Plants are complex composite structures, which mainly consist of fibers, particulates, and amorphous regions. In some cases, such as wood discussed above, the plant composite itself can be turned into a useful particulate filler, but this is rare. The most useful parts of a plant for use in composites are the fibers and particulates, and these have to be extracted from the rest of the plant matter before they can be used. Starch, lignin, and cellulose are the most abundant organic materials being investigated for use as particulates, together with silica obtained from rice hulls and are discussed in this section. Fibers are outside the scope of this work.

Starch

Starch is an inexpensive and renewable natural polysaccharide based on D-glucose. It actually consists of two different polymers: amylose (AM) and amylopectin (AP). Amylose is a linear polysaccharide and has a molecular weight of 0.2-2 million daltons. Amylopectin is a highly branched polymer of glucose with a massive molecular weight (100-400 million daltons).

In nature, starch is found in plants as semicrystalline beads with a size range of 2-100 pm in diameter, depending on the plant. These beads have a complex, onionlike structure, containing densely packed polysaccharides and a small amount of water. The inner structure of starch is believed to be formed from two regions - crystalline and amorphous lamellae - which together form the growth rings. The principal component of the crystalline region in native starch granules is thought to be amylopectin lamellae, packed together to form a double helix crystal structure.

One of the attractions of starch (but also a limitation) is the fact that it is totally biodegradable in a wide variety of environments, and degradation or incineration of starch products would recycle atmospheric CO2 trapped by starch-producing plants and would not increase potential global warming.

There are various uses for starch-derived products in polymers.

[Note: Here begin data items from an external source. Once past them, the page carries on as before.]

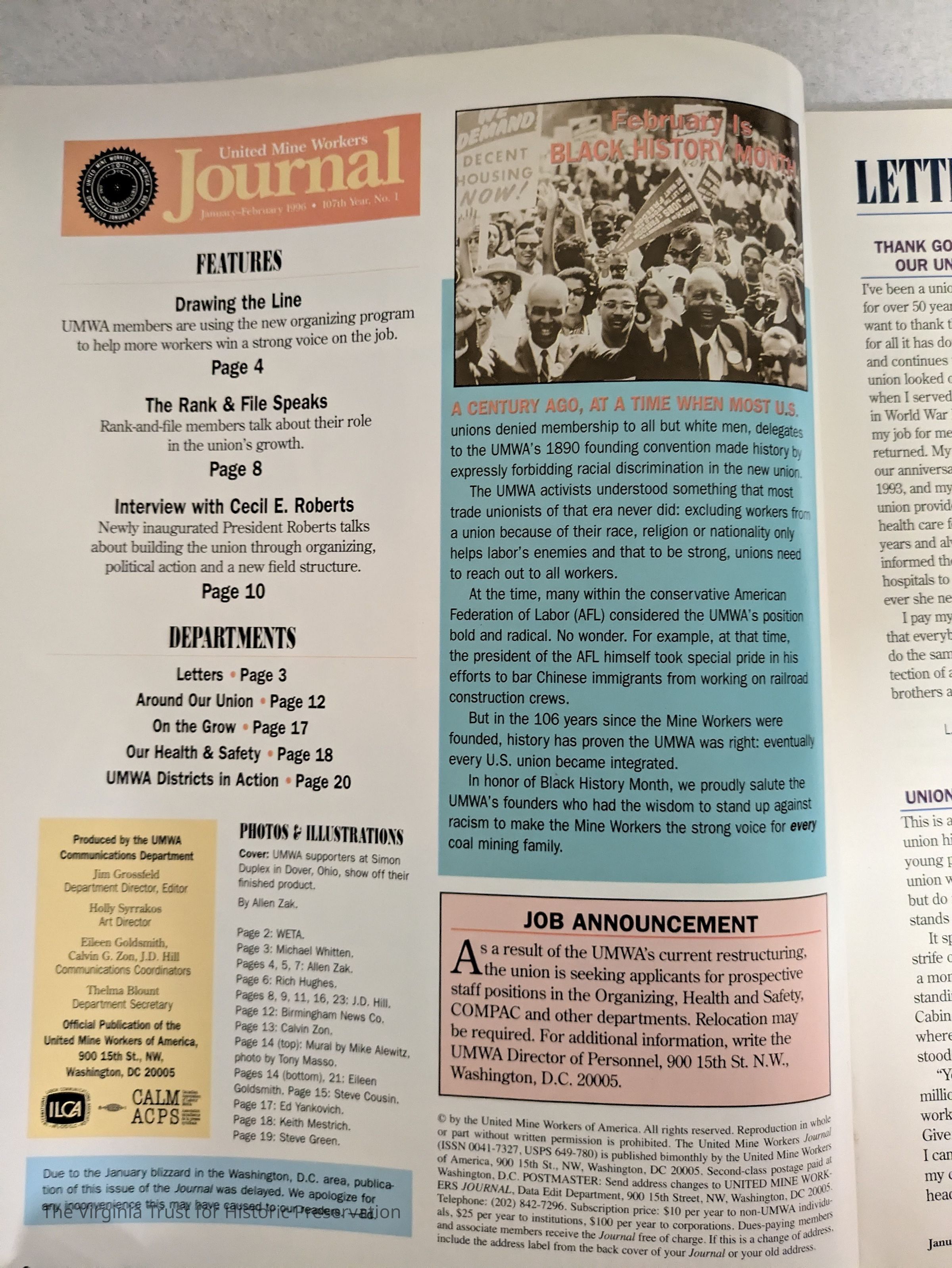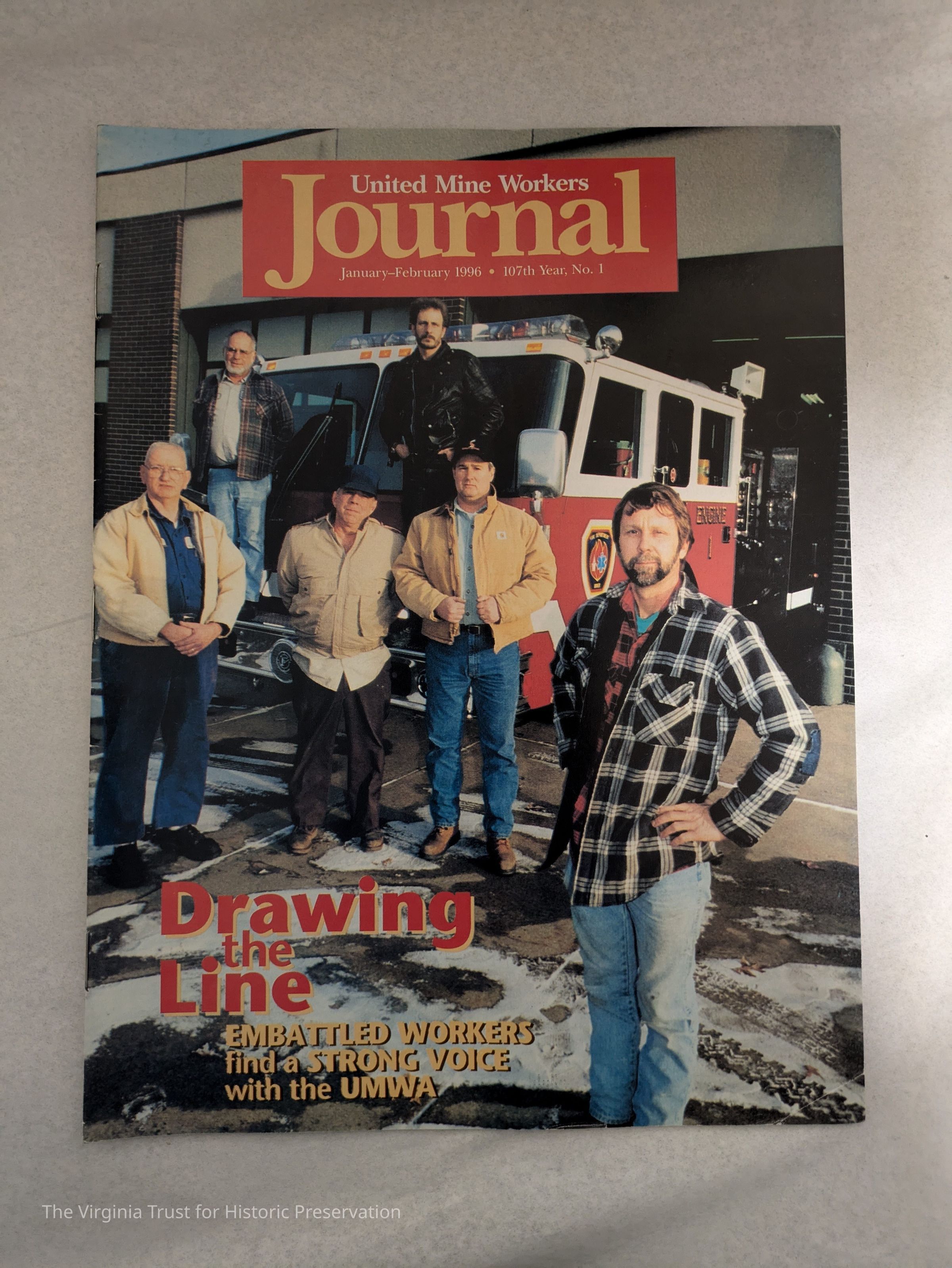 United Mine Workers Journal, 107th Year, No. 1, January-February 1996, pp 23. Headline is "Drawing the Line: Embattled Workers find a Strong Voice with the UMWA." Cover photo is of the UMWA supporters at Simon Duplex in Dover, Ohio with their finished product. Featured story is about how UMWA members are using a new organizing program to help more workers win a strong voice on the job.Dimensions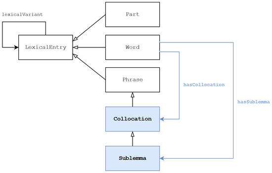 A new property, ditmao:hasSublemma, has been defined as a sub-property of lemon:LexicalVariant, holding between word and sublemma (e.g., hasSublemma ). Similarly, a property ditmao:hasCollocation has been defined as a sibling sub-property, holding between Word and Collocation (e.g., hasCollocation ).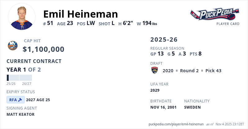 Emil Heineman is signed to a 2 year, $2,200,000 contract with a cap hit of $1,100,000 per season, playing for the New York Islanders. His contract expires at the end of the 2026-27 season, making Heineman a Restricted Free Agent.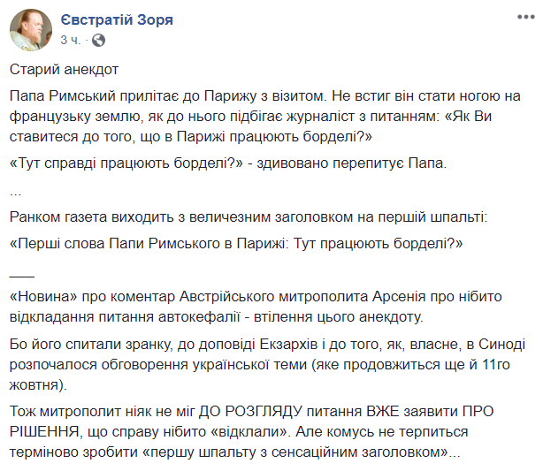 Повторюсь, по состоянию на тот момент экзархи еще не начали презентацию своего отчета о работе в Украине."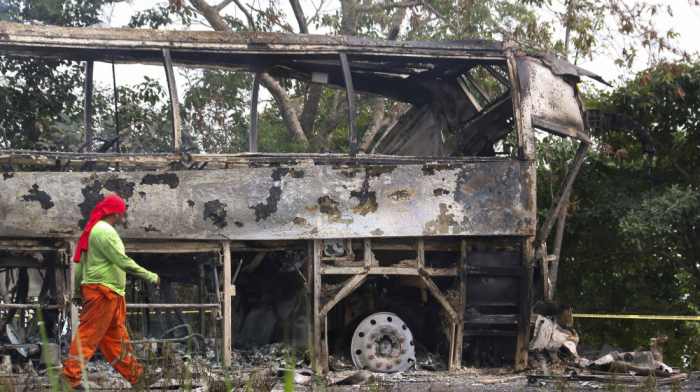 Reuters images show the bus completely burned out after it was engulfed by flames following the collision, with just the skeletal remains of the metal frame left standing.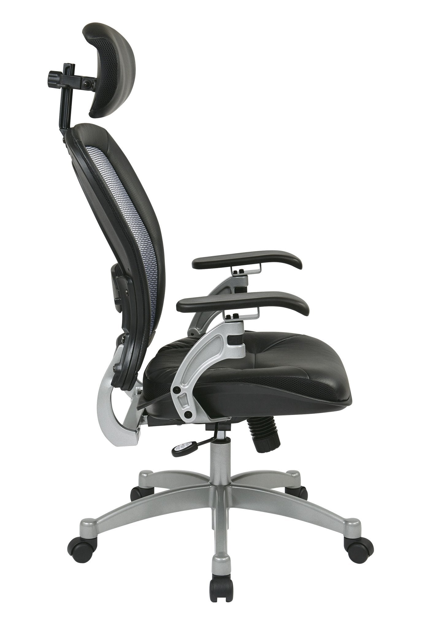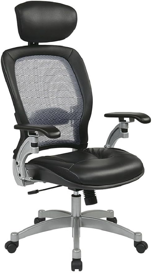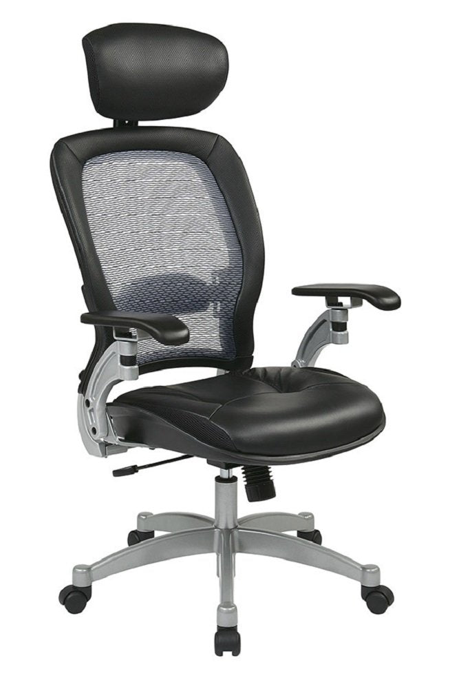 - Thick padded black top grain leather seat with breathable Air Grid mesh back offers strong support and comfort for seated tasks

Thus it can be used as a particulate filler, or as a polymer, either alone or in blends. If the semicrystalline bead form is preserved in the polymer matrix, then a particulate filler is arrived at. For various reasons, starch beads have limited application as particulate fillers, and most work has focused on producing thermoplastic starch polymers or blends, rather than using it in particulate form. Starch can be made into a thermoplastic polymer by destroying the crystalline structure; this can be done by pressure, heat, mechanical work, and plasticizers such as water, glycerine, or other polyols. The principal use for such products is for making biodegradable film.

There are two approaches to using starch beads as a filler in polymers. The first makes use of the bead in its semicrystalline form, while the second extracts the crystalline material from the bead as a nano-sized filler. The second approach is covered in ? Chap. 23, “Nanofillers” and only the first is discussed here. More details on nano-starch can also be found in the review by Lin et al. (2011).